Il y a chez Bachelard comme chez Freud une étroite connexion entre pulsion et représentation. L’appréhension des objets dans la connaissance s’avère contaminée par une projection de soi dans les objets. Un inconscient dynamique fait sans cesse irruption sur le terrain cognitif.
Le problème du progrès de la connaissance doit être posé en termes d’obstacles. Ces derniers se donnent essentiellement sous deux aspects : structural et énergétique. Cela signifie d’une part que le sujet n’est pas intellectuellement préparé au saut en abstraction qui s’impose. Cela exprime d’autre part un primat, celui du principe de plaisir et de l’énergie libre sur le principe de réalité et de l’énergie liée.
La notion de coupure épistémologique en reflète bien la complexité. Elle possède comme chez Comte deux dimensions : historique (histoire des sciences) et individuelle (psychogenèse des concepts). De là une réinterprétation possible de la loi des trois états : préscientifique (de l’Antiquité au XVIIIè siècle), scientifique (de la fin du XVIIIè au début du XXè), scientifique renouvelé (de 1905 à nos jours). Par ailleurs, une rupture ne situe pas nécessairement au même niveau qu’une autre. Cela dépend de ce qu’elle désigne : un moment de la construction d’un concept au sein d’une science déjà rationnelle, un changement de paradigme dans la rationalité, l’avènement de la scientificité, le devenir scientifique d’une discipline. Enfin, cette idée même de coupure engage plus ou moins deux aspects. Il s’agit d’abord d’une réforme de la structure de l’expérience, des habitudes intellectuelles, des concepts et des méthodes. On peut ensuite entrevoir, en même temps, et ce de façon variable selon le niveau où la coupure s’effectue, une conversion des intérêts.

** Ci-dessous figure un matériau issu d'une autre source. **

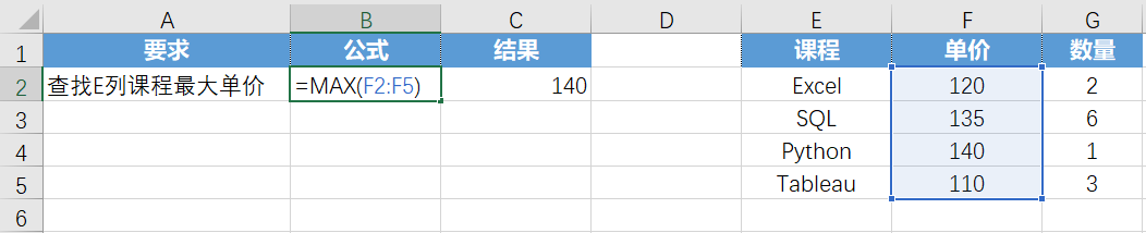 案例: 查找E列课程最大单价

Pareille complexité va obliger Bachelard à opérer une double articulation des étapes de la formation. Cela se fera entre histoire et individu de même qu’entre psychologie de l’esprit et psychologie de l’âme. Tout d’abord, à la périodisation précédente (loi comtienne des états historiques) va correspondre une loi d’évolution individuelle (états de l’esprit dans la formation scientifique). Cela se décline comme suit : état concret voué au pittoresque de la variété ou à la nostalgie des synthèses précoces ; état concret-abstrait du rationalisme géométrique, où la mathématique est plus descriptive que formatrice ; état abstrait, en rupture complète avec l’expérience immédiate, où la mathématique constitue vraiment les concepts. Ensuite, ces trois états de la formation du sujet (esprit) renvoient aux remaniements des intérêts qui en constituent la base effective. De là une proposition pour une typologie de l’âme. Celle-ci se formule de la manière suivante : âme puérile et mondaine, toute de curiosité superficielle ; âme professorale, sorte de dogmatisme qui fonde l’autorité, repli sur la science sûre et les méthodes éprouvées ; âme en mal d’abstraire et de quintessencier, ou intérêt de la recherche comme forme de l’héroïsme moderne.

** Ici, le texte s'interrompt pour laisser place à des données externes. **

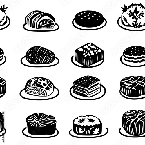 Collection of Beef Wellington continuous icon pattern, Beef Wellington vectorized artwork

Dans cette surexistence scientifique, cette aventure de la raison ouverte, se racine la problématique bachelardienne de la patience. Il s’agit d’articuler une psychanalyse des intérêts impurs à une psychosynthèse de l’intérêt purifié. Un déplacement est imposé (et non une destruction). On doit encourager cette fois un intéressement « désintéressé ». Cette purification seule installe dans la patience scientifique. Sans cet intérêt psychanalysé, cette dernière ne serait que souffrance. Mais une fois rendu à son dynamisme autogène, à sa conscience de dialogue, à sa fonction de surveillance, elle devient « vie spirituelle » 295 .
M. Fabre. 1995. Bachelard éducateur, Paris : P.U.F. p.41.